СРОЧНО!!! .Мотоная лодка по течению реки шла 2,5ч а против течения 1,8ч. При этом расстояние,

Problem Analysis

We are given that a motorboat traveled downstream for 2.5 hours and upstream for 1.8 hours. The distance covered by the boat downstream is 17 km more than the distance covered upstream. The speed of the river current is given as 2 km/h. We need to find the speed of the boat.

Solution

Let's assume the speed of the boat in still water is x km/h.
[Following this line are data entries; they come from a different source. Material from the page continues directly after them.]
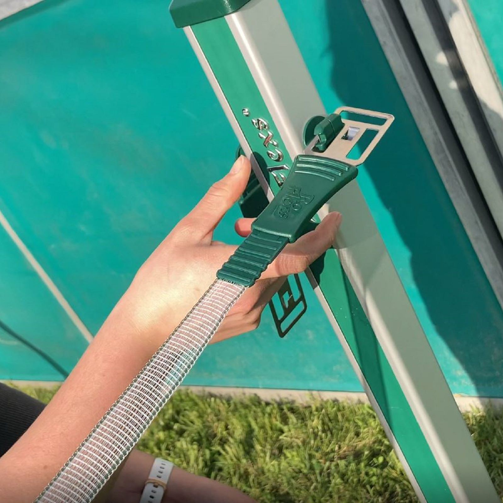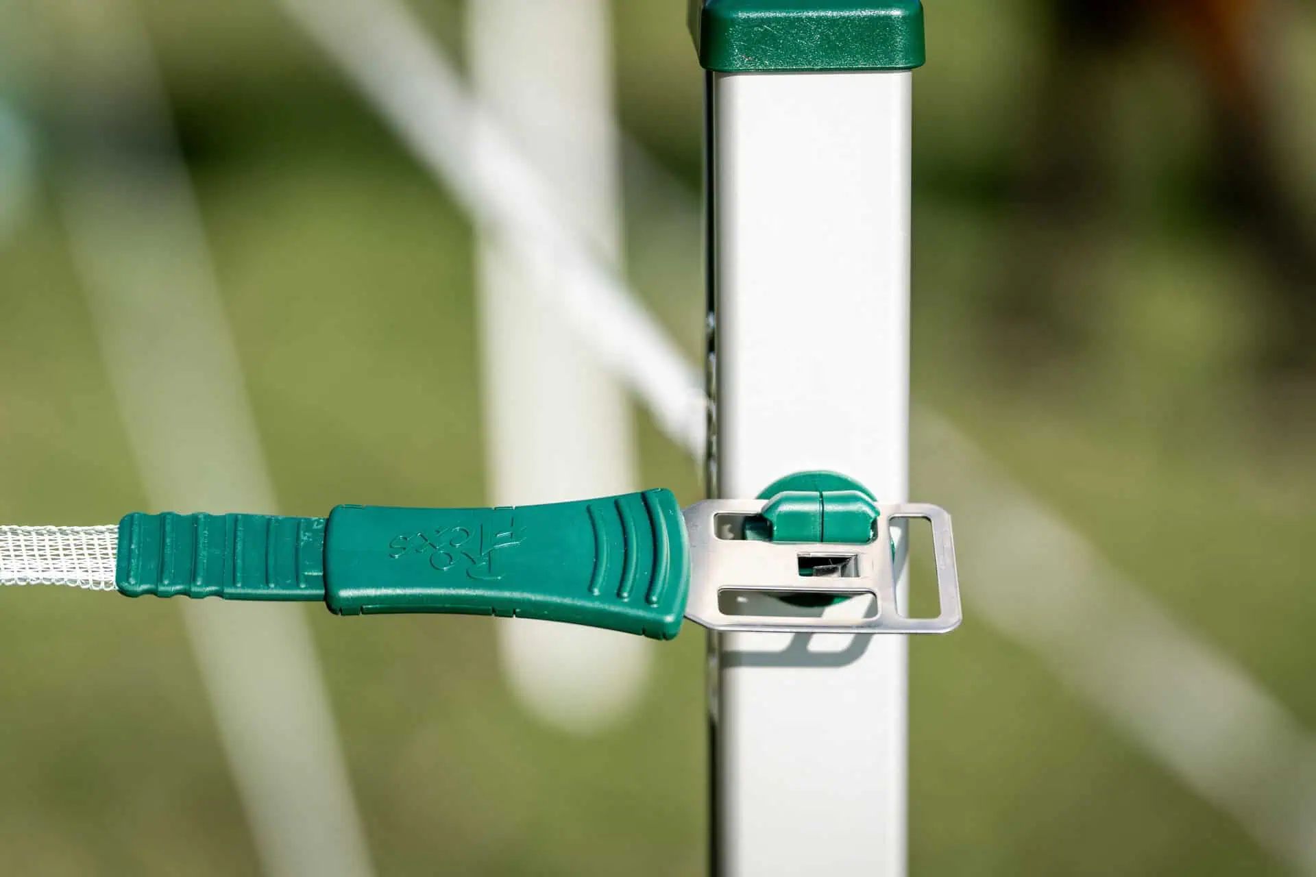 Das sichere Premium Zaunsystem von RoFlexs ist mit einem gut sichtbaren 20 mm breiten Band, einer bandschonenden Selbstaufwicklung und einer internen Durchleitung der Hütespannung ausgestattet. Durch das kraftvolle Aufrollsystem mit verstärktem, veredelten Aluminiumprofil (eloxiert) und einem stabilen, verzinkten Erdspieß aus Stahl ist das Zaunsystem absolut robust. Das Zaunband wie auch die schlagzähen High-End Kunststoffteile sind UV-stabil. Zudem gewährt der Hersteller 2 Jahre Garantie und zusätzlich 5 Jahre Garantie auf die Bandeinzugsfedern.
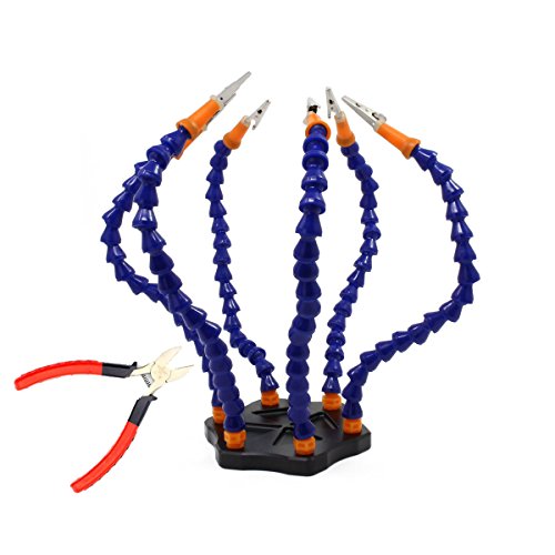 CloverTale Third Hand Soldering Holder Tool Six Arms Helping Hands Crafts Workshop Helping Station Non-slip Aluminum Base Wire Cutter Plier (Solder)
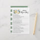 Achetez cette carte modifiable et profitez d'un jeu de quiz de haute qualité sur le Baby shower Nursery Rhyme pour votre événement! Baby shower, Activités de révélation de genre! Sage Green Brasserie Design Unisex. RÉPONSES : 1. pique de poivre mariné; 2. boucher, boulanger, bougeoir; 3. mur; 4. femme de l’agriculteur; 5. grâce; 6. trois sacs remplis; 7. Sa femme ne pouvait pas manger maigre; 8. neuf jours; 9. mitaines; 10. gâteau; 11. embrassait les filles; 12. tuffet; 13. Tarte de Noël ; 14. Pour donner un os au pauvre chien; 15. pour son souper; 16. pieman; 17. cloches d'argent, coquillages, jolies domestiques; 18. cochon.
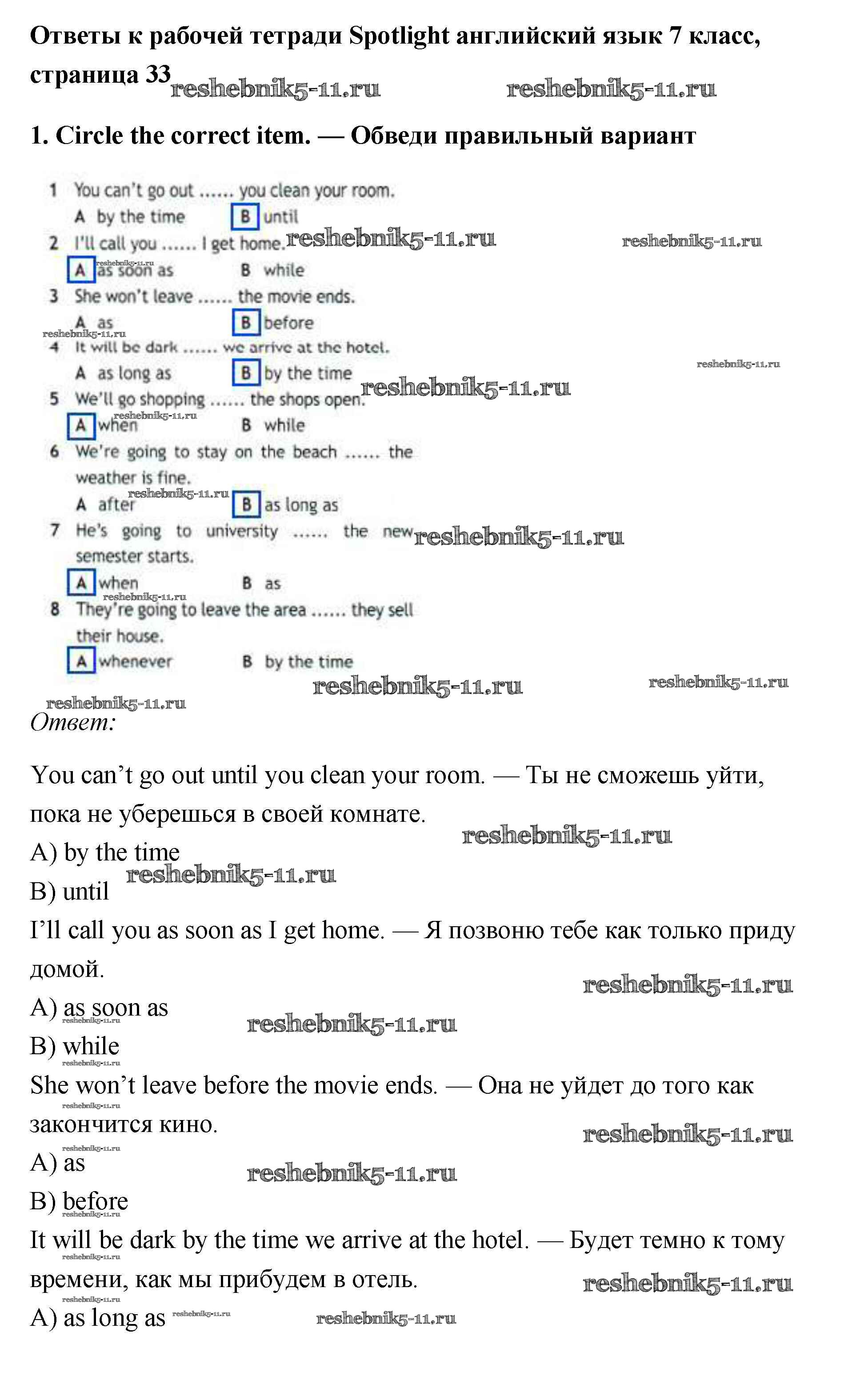 Готовая домашняя работа с ответами по Английскому языку за 7 класс Ваулина, Подоляко, Эванс, Дули Рабочая тетрадь Spotlight Просвещение 2015 ФГОС - Grammar Practice 1
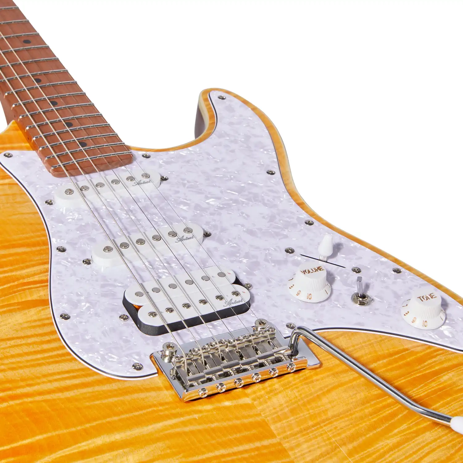 With 22 medium jumbo frets spanning the length of a satin-finished light-roasted maple neck, the AS30 feels immediately familiar in the hands, courtesy of a classic 9.5" radius maple fretboard built for shredders and rhythm players alike! A classic C-shape neck profile belies the AS30's flashy exterior, giving this one an ultra-comfortable feel for players of all persuasions. The vintage-style six-screw tremolo gives you the option to engage in classic rock screams and wails to your heart's content, safe in the knowledge that your tuning will remain rock-steady thanks to a set of high-grade chrome tuning machines and a rock-solid 42mm ABS nut.

When the boat is traveling downstream, it gets a boost from the river current, so its effective speed is the sum of its own speed and the speed of the current. Therefore, the effective speed downstream is (x + 2) km/h.

Similarly, when the boat is traveling upstream, it has to overcome the resistance of the river current, so its effective speed is the difference between its own speed and the speed of the current. Therefore, the effective speed upstream is (x - 2) km/h.

We are given that the boat traveled downstream for 2.5 hours and upstream for 1.8 hours. Let's use the formula distance = speed × time to calculate the distances covered in each direction.

The distance covered downstream is (x + 2) × 2.5 km.

The distance covered upstream is (x - 2) × 1.8 km.

According to the problem statement, the distance covered downstream is 17 km more than the distance covered upstream. Therefore, we can write the equation:

(x + 2) × 2.5 = (x - 2) × 1.8 + 17

Now, let's solve this equation to find the value of x, which represents the speed of the boat in still water.

Solving the Equation

Expanding the equation, we get:

2.5x + 5 = 1.8x - 3.6 + 17

Combining like terms, we have:

2.5x - 1.8x = 17 - 5 + 3.6

Simplifying further, we get:

0.7x = 15.6

Dividing both sides of the equation by 0.7, we find:

x = 15.6 / 0.7

Evaluating the expression, we get:

x ≈ 22.29

Therefore, the speed of the boat in still water is approximately 22.29 km/h.

Answer

The speed of the boat is approximately 22.29 km/h.